I usually like to do my art quilts by hand, as that makes them portable, and allows me to take them with me when I travel. However, I am recently working on smaller, more affordable pieces for people who like the look of my style but don’t want to invvest yet in one of my more intricate pieces.. To accomplish this goal, I brought out my sewing machine. I have a Bernina 1630 that I bought over fifteen years ago and just love. It has a number of pre-programmed stitches built into its inner computer system, but for the most part, I’ve used it to sew seams. I decided to see what could be done with some free motion work (as opposed to stylized motifs programmed into embroidery sewing machines.)In that style of sewing, you drop the feed dogs that move the pieces of fabric thorugh the machine at the same rate. You can then use the needle as you would a pencil or pen, except that the fabric gets moved around, instead of your hand, to make the marks. I used as a reference a marvelous book, Freestyle Machine Embroidery, by Carol Shinn. Her clear descriptions and marvelous photographs of her intricately stitched work are truly inspiring and of course, I wanted mine to look as richly textured as hers.
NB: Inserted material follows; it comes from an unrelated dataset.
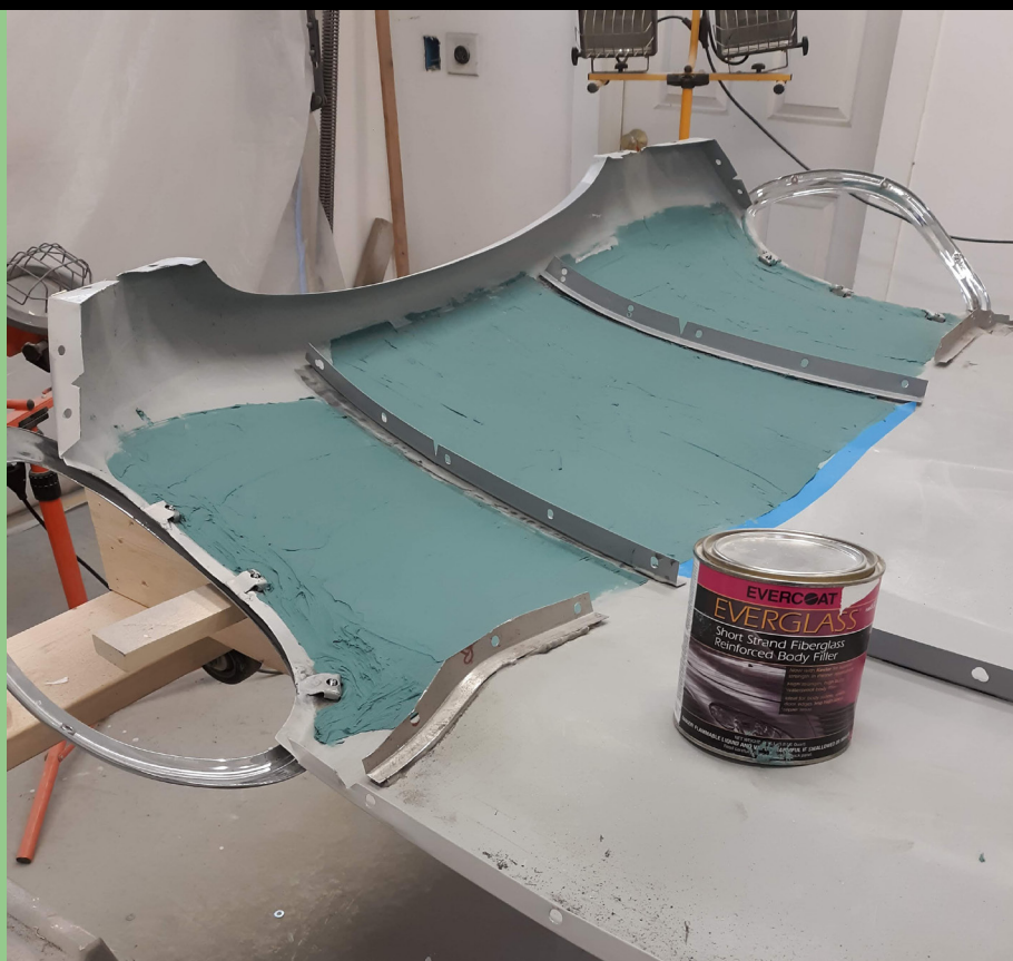
Kevlar reinforced polyester filler

I applied two thin coats to the underside of the bonnet. I chose to start at a point just forward of the radiator rock screen and brought the material back to the bonnet opening. Per the directions for the product, I top coated it with a skim of regular filler. The Kevlar reinforced product is green, as shown in the following photo. Also notice that I installed the headlight chromes to hold the edge of the headlight opening in the required position. I had previously fit these so I felt confident that they would hold the required profile.

In this detail piece of my first effort, “Stars and Bars 1”, the ribbon “bars” are tacked down with horizontal stripes of various colored lines, and the centers of the black circles have black stitched lines going around inside of them. I spent about 4-5 hours, attaching the fabric pieces, and embellishing them with “drawn” lines of thread. However, when it came to finishing the look of the piece, I fell back to what I know best, namely sewing on buttons and beads by hand. Those additions added another 8 hours of work to the completition. I love the look of the finished piece, but unfortunately, a lot of the machine embroidery in this first effort came to be covered up.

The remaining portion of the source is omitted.